## [Action item]
Print the records below exactly, from the line containing "Le parcours du" down to the line containing "[킹콩티비] 낭트 리옹 분석 8월28일 리그앙 스포츠중계", both lines included, and omit every picture.

## [Extracted data]
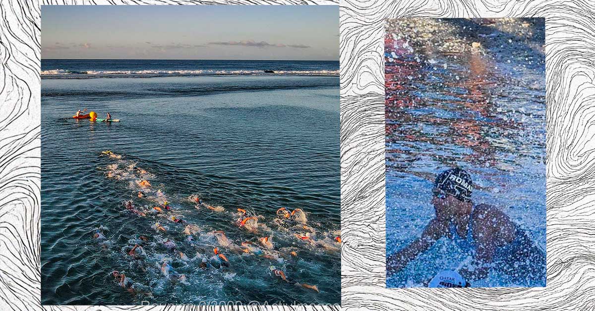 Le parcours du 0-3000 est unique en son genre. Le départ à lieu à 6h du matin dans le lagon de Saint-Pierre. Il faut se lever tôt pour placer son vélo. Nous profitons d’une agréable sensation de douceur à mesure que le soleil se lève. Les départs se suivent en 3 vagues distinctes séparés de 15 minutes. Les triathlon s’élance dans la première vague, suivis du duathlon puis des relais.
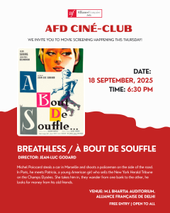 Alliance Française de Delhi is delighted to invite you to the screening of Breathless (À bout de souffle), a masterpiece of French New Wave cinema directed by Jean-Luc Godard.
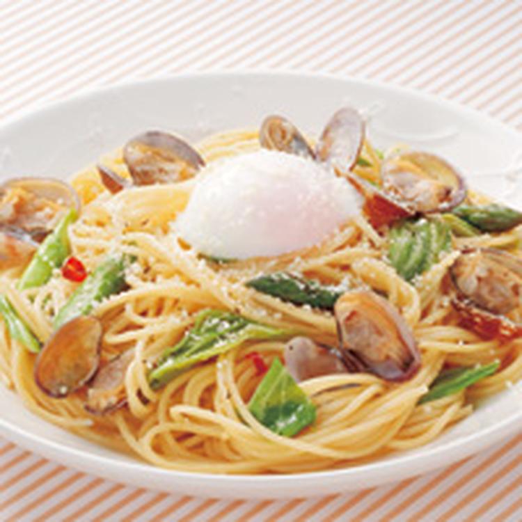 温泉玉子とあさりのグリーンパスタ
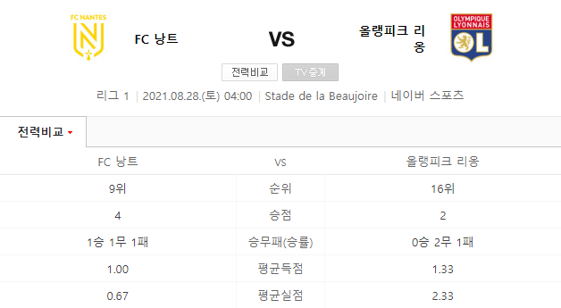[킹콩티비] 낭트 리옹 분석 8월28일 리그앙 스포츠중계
==
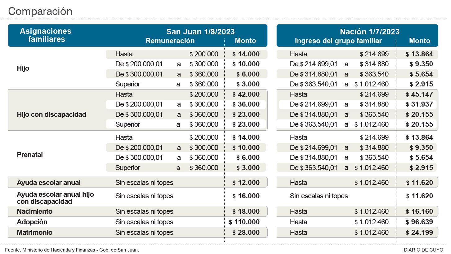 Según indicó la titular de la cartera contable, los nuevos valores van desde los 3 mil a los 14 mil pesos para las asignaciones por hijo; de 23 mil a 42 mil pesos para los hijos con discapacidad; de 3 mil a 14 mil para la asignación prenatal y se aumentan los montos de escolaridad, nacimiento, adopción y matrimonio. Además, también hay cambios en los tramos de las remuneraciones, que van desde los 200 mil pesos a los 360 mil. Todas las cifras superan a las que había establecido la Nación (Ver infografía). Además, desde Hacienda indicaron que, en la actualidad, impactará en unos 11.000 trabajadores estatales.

## [Task response]
 Le parcours du 0-3000 est unique en son genre. Le départ à lieu à 6h du matin dans le lagon de Saint-Pierre. Il faut se lever tôt pour placer son vélo. Nous profitons d’une agréable sensation de douceur à mesure que le soleil se lève. Les départs se suivent en 3 vagues distinctes séparés de 15 minutes. Les triathlon s’élance dans la première vague, suivis du duathlon puis des relais.
 Alliance Française de Delhi is delighted to invite you to the screening of Breathless (À bout de souffle), a masterpiece of French New Wave cinema directed by Jean-Luc Godard.
 温泉玉子とあさりのグリーンパスタ
[킹콩티비] 낭트 리옹 분석 8월28일 리그앙 스포츠중계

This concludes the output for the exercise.